EasyTravel

Movie Friday: How one photographer revived a human-sized scanner to scan his ultra-large format moist plate images: Digital Images Evaluation

[ad_1]

Editor’s be aware: That is the primary a part of a two-part Movie Friday sequence.


Markus Hofstätter is understood for creating elaborate massive format cameras and contraptions, however certainly one of his most up-to-date initiatives goes above and past something we’ve seen earlier than. For this undertaking, Hofstätter introduced again to life a 73kg (160lb) ultra-large format flatbed scanner so he can higher scan all however the largest of images he captures on his array of enormous format cameras.

Whereas the undertaking itself took three months to finish, the journey began years in the past. Hofstätter had been wanting a way to scan his large moist plates, however might by no means wrangle up a scanner that may get the job accomplished. That each one modified although when a buddy of his notified him a few Display screen Cézanne EFT-S5500 scanner that was up on the market.

This ultra-large scanner weighs roughly as a lot as a full-grown human and is so massive that it barely match within the rear of his SUV when he picked it up and simply managed to squeeze by his entrance door when he introduced it inside. And the logistics had been simply the beginning of the highway forward.

The scanner, which may scan 32-bit CMYK, 48-bit RGB and 8-bit grayscale photos at as much as 5300dpi on its 53cm x 34 cm (13.4″ x 20.9″) mattress, makes use of a SCSI II interface and software program under no circumstances designed to run on trendy computer systems. Whereas it did include a retro Energy Mac (433Mhz) that may’ve considerably labored out of the field, Hofstätter decided the velocity at which he’d be capable of switch these photos from the scanner to the Energy Mac and to a different laptop would’ve taken far too lengthy. So, he ‘upgraded’ to a Energy Mac G4 Quicksilver with a twin 1.2Ghz CPU and 2GB of RAM and bought an array of outdated parts—some new within the unique field—that may velocity up the method whereas additionally being appropriate with the scanner.
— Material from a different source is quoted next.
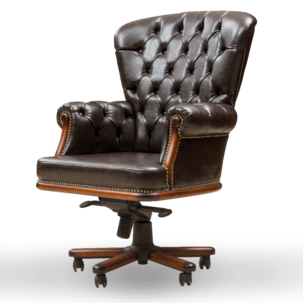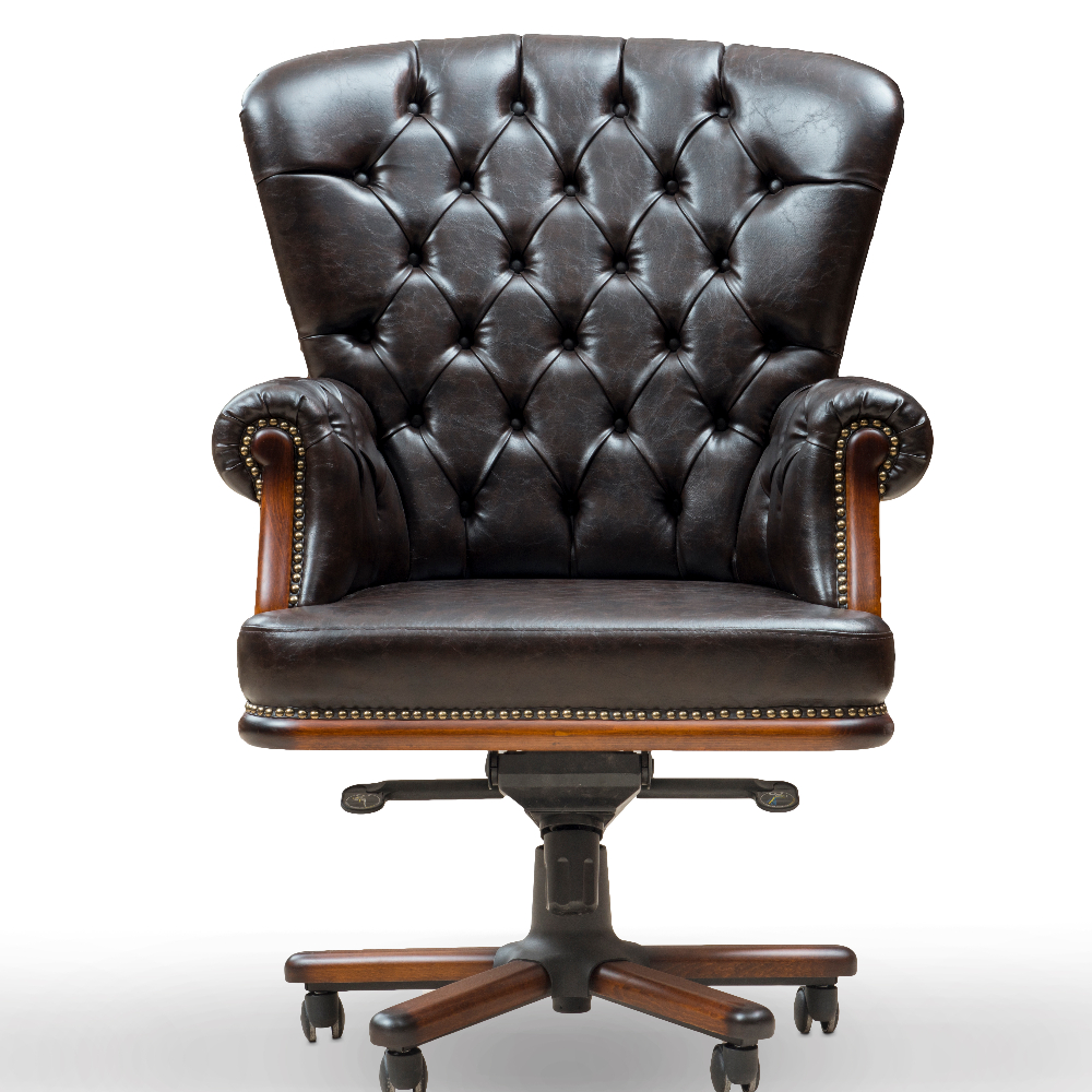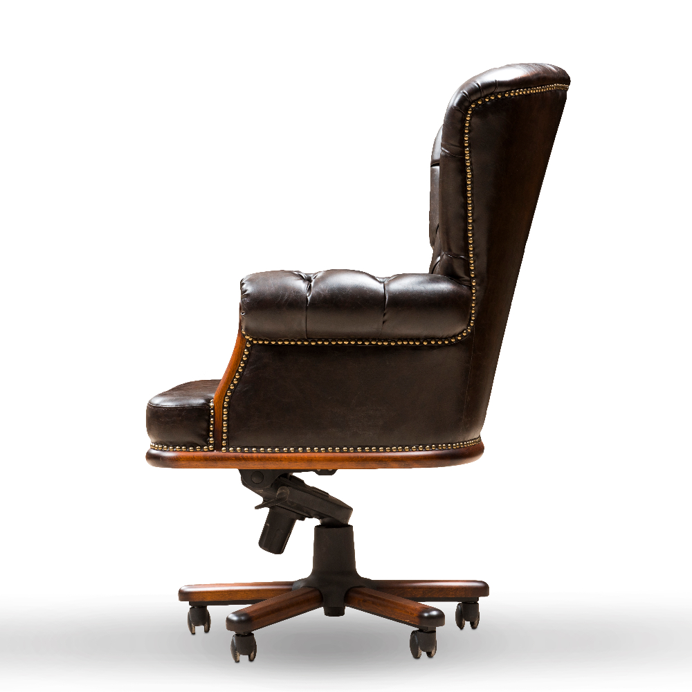 Quilted, solid office chair with real leather upholstery.

From there, it took some tinkering to get the Energy Mac G4 Quicksilver up and working, as MacOS 9 wouldn’t run on the pc, however Mac OS X wouldn’t help the SCSi controller wanted to attach the scanner. Ultimately, Hofstätter managed to discover a workaround that allowed him to run Mac OS9 by way of a intelligent multi-boot setup and switch scans over Ethernet at about 60MB/s, roughly 60x the velocity of the USB 1.1 connection that was required for the unique Energy Mac (433Mhz) that got here with the scanner.

With that set in place, alongside an unique Cinema Show, Hofstätter was prepared to start out scanning.

You possibly can see the outcomes on Hofstätter’s weblog put up overlaying the complete course of, however we’ll be saving the outcomes for half two, which might be featured on Movie Friday subsequent week.